***** TASK INPUTS

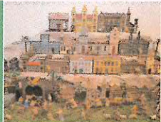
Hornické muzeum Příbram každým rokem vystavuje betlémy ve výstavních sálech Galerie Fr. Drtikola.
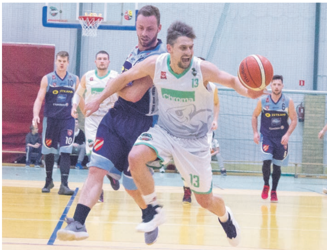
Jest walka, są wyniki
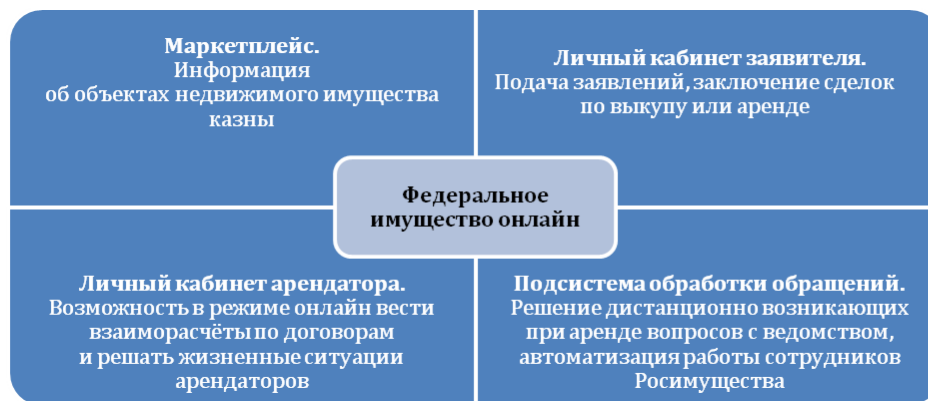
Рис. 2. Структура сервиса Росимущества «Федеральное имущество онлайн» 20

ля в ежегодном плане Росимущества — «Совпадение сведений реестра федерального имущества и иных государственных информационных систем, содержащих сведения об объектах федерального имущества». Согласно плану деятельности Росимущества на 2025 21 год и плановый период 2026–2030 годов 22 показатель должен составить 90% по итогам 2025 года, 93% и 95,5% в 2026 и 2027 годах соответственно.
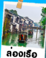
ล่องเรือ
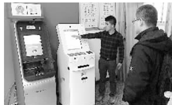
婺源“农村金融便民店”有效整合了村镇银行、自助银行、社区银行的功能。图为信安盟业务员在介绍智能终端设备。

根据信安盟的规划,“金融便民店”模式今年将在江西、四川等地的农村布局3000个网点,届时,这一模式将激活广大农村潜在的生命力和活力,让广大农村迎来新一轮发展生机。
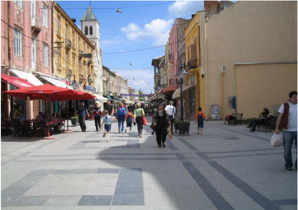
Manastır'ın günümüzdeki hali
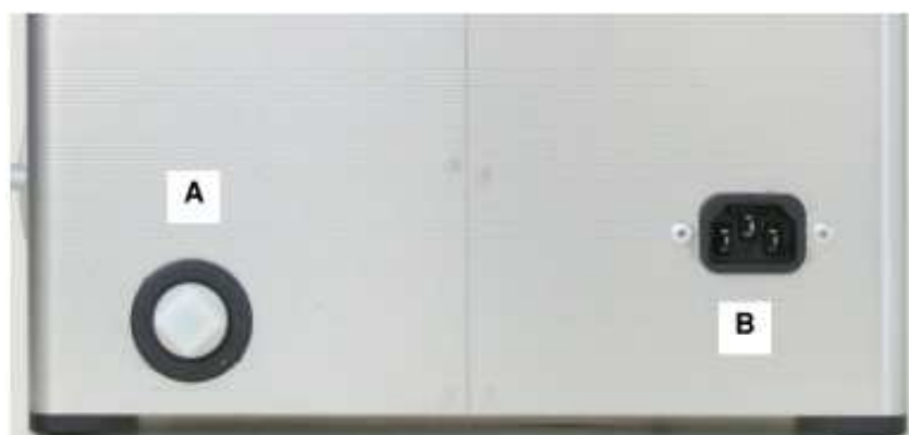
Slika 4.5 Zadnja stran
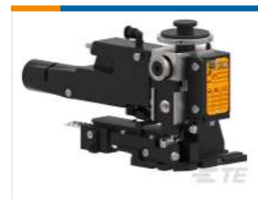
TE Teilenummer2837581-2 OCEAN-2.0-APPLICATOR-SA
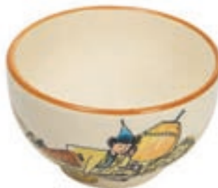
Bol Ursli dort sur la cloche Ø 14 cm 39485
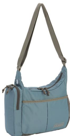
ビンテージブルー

**********

● **YOUR INSTRUCTIONS**:
Every line in the records is to be retyped exactly as it stands; the pictures stay out.

● **TASK RESULT**:
Hornické muzeum Příbram každým rokem vystavuje betlémy ve výstavních sálech Galerie Fr. Drtikola.
Jest walka, są wyniki
Рис. 2. Структура сервиса Росимущества «Федеральное имущество онлайн» 20

ля в ежегодном плане Росимущества — «Совпадение сведений реестра федерального имущества и иных государственных информационных систем, содержащих сведения об объектах федерального имущества». Согласно плану деятельности Росимущества на 2025 21 год и плановый период 2026–2030 годов 22 показатель должен составить 90% по итогам 2025 года, 93% и 95,5% в 2026 и 2027 годах соответственно.
ล่องเรือ
婺源“农村金融便民店”有效整合了村镇银行、自助银行、社区银行的功能。图为信安盟业务员在介绍智能终端设备。

根据信安盟的规划,“金融便民店”模式今年将在江西、四川等地的农村布局3000个网点,届时,这一模式将激活广大农村潜在的生命力和活力,让广大农村迎来新一轮发展生机。
Manastır'ın günümüzdeki hali
Slika 4.5 Zadnja stran
TE Teilenummer2837581-2 OCEAN-2.0-APPLICATOR-SA
Bol Ursli dort sur la cloche Ø 14 cm 39485
ビンテージブルー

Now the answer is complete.